5 Business Strategies that Can Strengthen Your Marriage (#1)
April 28th, 2012 // 10:09 am @ Janine and Alane
5 Business Strategies That Can Strengthen Your Marriage
Read more: Marriage As Business – Business Strategies for Marriage – Redbook
My husband, Joe, loves business books. They line our bookshelves and sit in stacks on his nightstand, some with violent-sounding names (e.g., Guerilla Marketing, Swim With the Sharks Without Being Eaten Alive, and Rules for Revolutionaries) that make me really glad I work for myself, at home, where it’s safe.

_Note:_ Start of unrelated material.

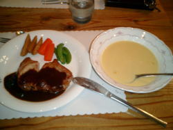 | ポークステーキ&コーンスープ | 焼き立てのチーズケーキ | 外はサクッと中はふわふわ |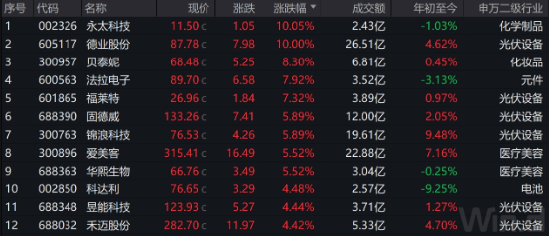 中证800指数成份股方面,光伏、白酒、医美集体走强,光伏权重全线爆发,德业股份涨停;永太科技、德业股份、贝泰妮涨幅居前,法拉电子、福莱特、固德威、锦浪科技、爱美客、华熙生物涨超5%。

I’ve never cracked a single one of them. But recently, when Joe was talking my ear off about the ideas in Daniel H. Pink’s Drive, it occurred to me that running a company is a lot like managing a marriage. You have to budget, delegate, motivate, and reward. You have to stock the supply room (with everything from beer and good coffee to nice sheets and sexy lingerie) and deal with the depreciation of, um, assets. You must coordinate vacation schedules, allocate resources, outline the division of labor, and agree on whether to fire insubordinate underlings. (Just joking about that last one, kids!)
I decided to test my theory, so I asked a bunch of top management experts what business strategies they would apply to relationships. Then I tried them out on an unsuspecting Joe, and enlisted some game girlfriends to do the same. After hearing — and living — the results, I’m a fervent believer in these best practices for happy couples. See for yourself…
PRINCIPLE #1: Know your VIPs.
We all have things that bug us about our partners, but how much do they really matter? Bonnie Bruderer, founder and CEO of VISS, a leadership training organization with big-deal clients like Visa and Wells Fargo, suggests making a list of the top five things you need from your spouse — listening, compassion, earlobe nibbling, whatever. She calls this your “VIP” (Very Important Principles) list, and says that writing them down creates a handy guidebook for your husband. “At work, you need to be told what is expected of you and you have performance reviews to evaluate whether you’re meeting those expectations,” explains Bruderer, who helps her managerial clients clearly lay out their VIPs for employees. Approach your marriage this way and you might realize that his leaving off the toothpaste cap isn’t a big deal because it doesn’t violate one of your VIPs. Or maybe it is, and it does, but your partner has no idea you care so much.
CASE STUDY: Marta has been married to Daniel, “the love of her life,” for 12 years. Eighteen months ago, the couple uprooted from Colorado to Hawaii. Marta admits that starting over in a new place, with two new careers to boot, has been challenging for their relationship, which she summarizes as “strong with room for improvement.” So she drew up this VIP list: 1. Remember scheduled events. 2. Be engaged in the conversation. 3. Work as a team. 4. Laugh/play often. 5. Treat me nicely. “When I told Daniel there were some things I wanted him to work on, he stopped what he was doing and listened to me,” says Marta. “Then I handed him my list and he laughed and said, ‘Well, I just did numbers two and four!'” In that moment, Marta realized Daniel was right: His humor never failed to lighten things up, and she’d been getting one thing she wanted all along.
Marta was annoyed when she found the list on the floor later that day, but quickly realized that Daniel had paid attention: “I saw a difference in him almost immediately,” she says, explaining that her husband was unusually tuned in to her. The big test came the day Daniel realized he’d scheduled a repairman to come to the house at the very time Marta had to be somewhere else. Without her nudging, Daniel rearranged his schedule to deal with the conflict. Marta was floored. “He’s basically been doing everything on my list since I gave it to him,” she says, adding that just this week, when she mentioned she was feeling anxious about finances, she came home to find a Post-it note reading “I ª you” on the bathroom mirror — then
another in the bedroom, inside her laptop, on the page of a book she was reading, and one on the water pitcher in the refrigerator. “Since he couldn’t do what he usually does to make me feel better — buy me stuff I want — he wrote love notes. It made me realize that even though money is tight right now, I have everything I need,” Marta says. “The exercise also helped me see that if I just have faith in the smart man I married, everything will work out. Still, I can’t believe I spent years fighting to get these things, and all I had to do was write them down!”